– Могу заверить, Настя, – улыбнулся Антон, приложив правую ладонь к сердцу, – что я вас не забуду точно. И по этому поводу хочу предложить чашечку кофе. Не возражаете?
– Не возражаю…
* * *
Три месяца спустя Антона окликнули на улице.
– Эй, писатель!
За спиной улыбался Димон, парень сидевший с ним в милицейской камере. Он заметно похудел, но Антон почти сразу узнал его.
– Здорово, братуха! – Дима крепко пожал руку бывшему сокамернику.
– Тебя уже выпустили?
– Ага! И большого счастья пожелали… Я следом за тобой ушёл! Вместо того – дембеля. Клифт [3] его нацепил, шапчонку. Меня офицер армейский и забрал в часть.
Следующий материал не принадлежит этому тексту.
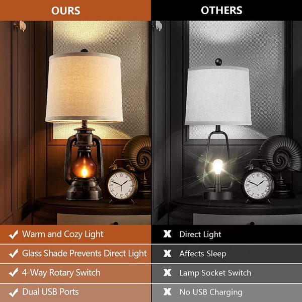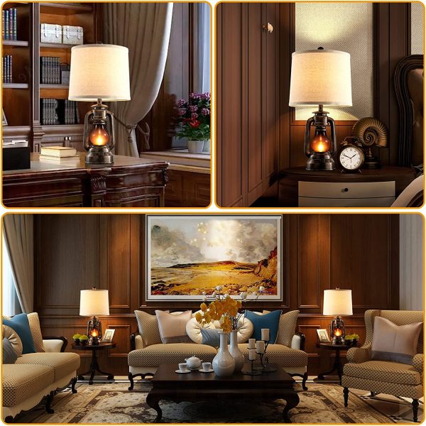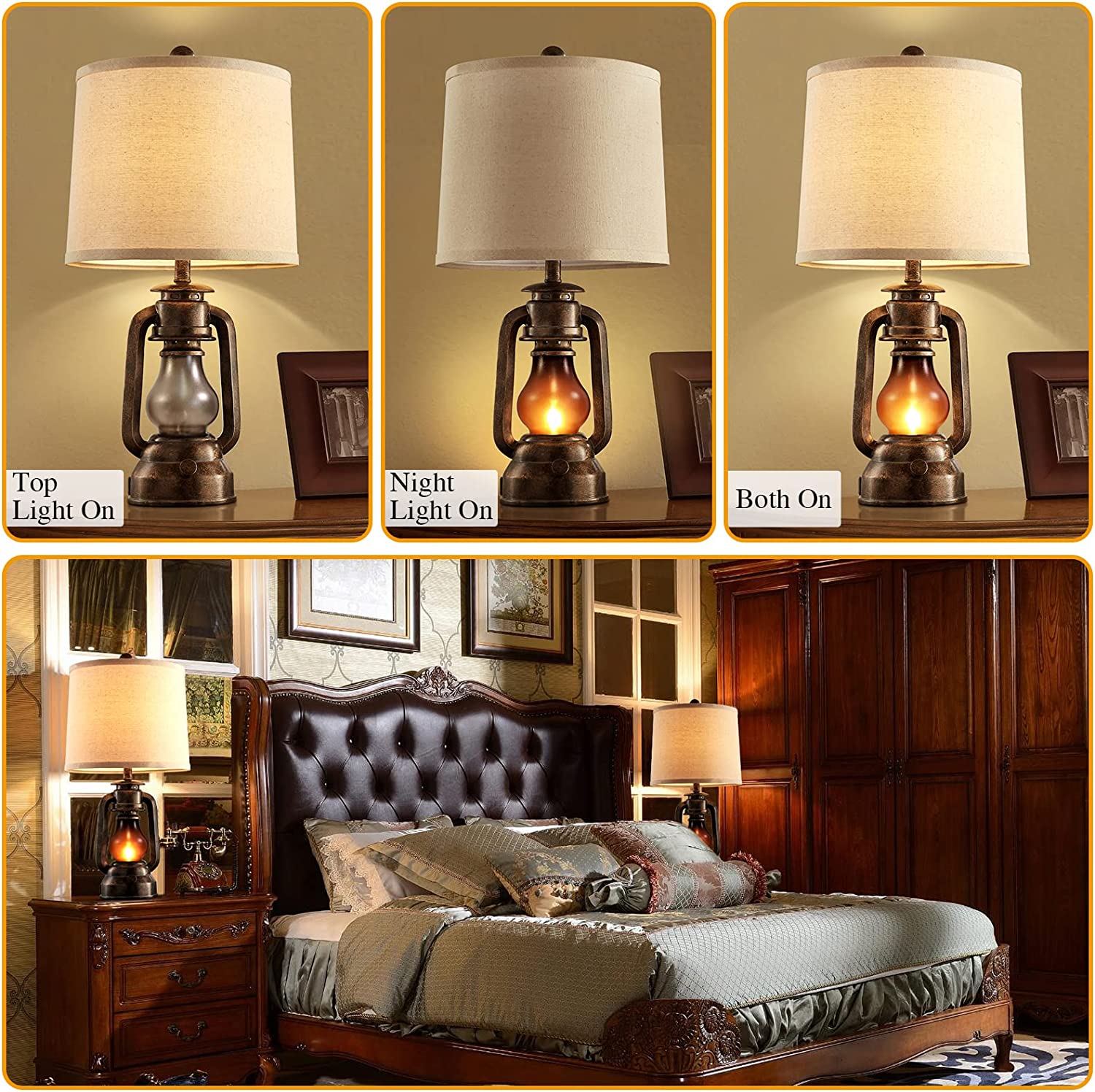 ❤【Set of 2 rustic miner lantern table lamps with nightlights】Oil lamp accent design for vintage industrial country themed rooms. The two light sources can be lit by the four-way rotary switch on the table lamp: top light on,night light on, both on, both off. Perfect for a bedside tables, living room end tables or side tables, or entryway tables.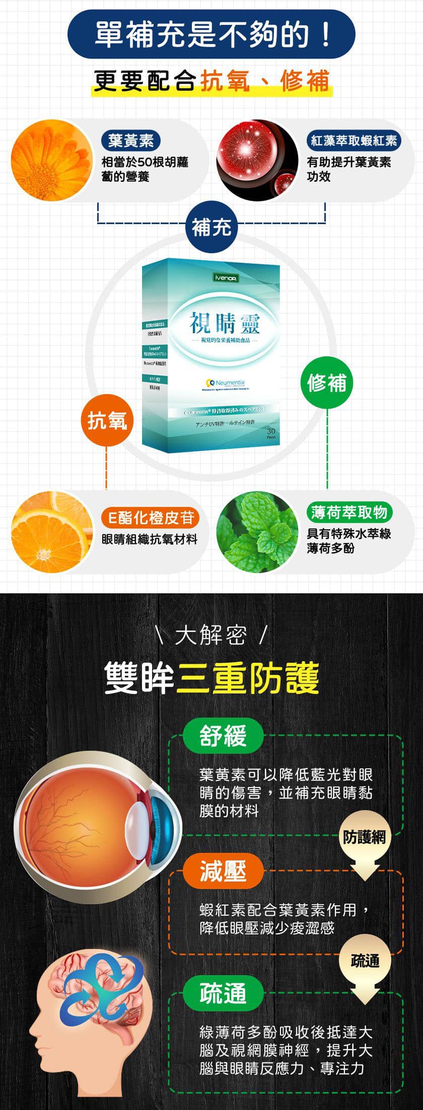 Lutein: Helps to reduce inflammation in your eyes, fight off free radicals, reduce oxidative stress, and boost the sharpness of your vision.

– Как забрал? Он же солдата в лицо знает.
– Может, и знает. Когда трезвый. Ха-ха… Закуривай, – Дима протянул Антону пачку сигарет.
– Спасибо, не курю.
– Я в тачиле ихней военной дверцу сковырнул и от конвойных тю-тю… До сих пор гуляю в самоволке… У подруги одной живу, подхалтуриваю, где можно.
– Тебя ж ловят.
– Да кому я нужен… Не Березовский же. Но если честно, гаситься надоело. Шугаешься от каждой фуражки… Хоть сдавайся, блин, иди. Ты-то как, много книжек написал?
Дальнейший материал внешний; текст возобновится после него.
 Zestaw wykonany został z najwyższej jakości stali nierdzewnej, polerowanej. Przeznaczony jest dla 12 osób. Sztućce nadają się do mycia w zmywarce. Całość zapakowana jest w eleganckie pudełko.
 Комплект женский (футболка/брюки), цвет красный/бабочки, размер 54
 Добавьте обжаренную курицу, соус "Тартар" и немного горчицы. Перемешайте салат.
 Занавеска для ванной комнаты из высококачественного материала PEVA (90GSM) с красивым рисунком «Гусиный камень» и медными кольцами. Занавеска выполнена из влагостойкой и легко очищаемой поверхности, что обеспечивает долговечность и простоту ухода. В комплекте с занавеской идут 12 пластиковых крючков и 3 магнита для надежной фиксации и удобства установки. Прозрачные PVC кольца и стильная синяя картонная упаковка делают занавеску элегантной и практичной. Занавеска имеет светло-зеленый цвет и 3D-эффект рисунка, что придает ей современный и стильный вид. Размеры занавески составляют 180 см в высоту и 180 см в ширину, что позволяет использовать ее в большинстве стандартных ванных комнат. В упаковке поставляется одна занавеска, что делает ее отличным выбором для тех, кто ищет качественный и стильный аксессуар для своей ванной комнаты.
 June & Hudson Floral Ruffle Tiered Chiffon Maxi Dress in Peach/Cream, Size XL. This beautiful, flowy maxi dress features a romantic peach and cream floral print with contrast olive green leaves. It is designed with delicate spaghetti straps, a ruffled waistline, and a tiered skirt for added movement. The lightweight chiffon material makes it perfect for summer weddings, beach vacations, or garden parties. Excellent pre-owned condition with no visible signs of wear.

– Не очень. Муза хлопнула дверью.
– Слушай, давай я про свою житуху расскажу! А ты роман сбацаешь. Или повесть! Хоть память останется, ежели что. Житуха у меня шабутная, но, блин, интересная. Ну, приврёшь маленько, как полагается. Для красоты.
– Я, вообще-то, биографиями не занимаюсь.
– Да кто ж тебя просит биографию писать. Для этого справка о судимости есть. Ты житуху опиши, а не биографию. Пойдём, вон, на лавочку упадём… Выслушай, а потом решишь. Не получится, так не получится.
– Ну, хорошо… Правда, я тороплюсь.
– Ничего, опоздаешь часика на три-четыре… Думаю, как раз уложимся.
* * *
Поздним вечером Антон уселся за стол, раскрыв перед собой новую школьную тетрадку и взяв ручку. Минут пять обдумывал первую фразу, глядя на фото в рамке, где он стоял в обнимку с Настей на фоне рекламного плаката книги «Укус Шершня».
Улыбнувшись, он, наконец, опустил перо на бумагу и вывел:
«Как же здесь чудесно убивают! Прелесть!..»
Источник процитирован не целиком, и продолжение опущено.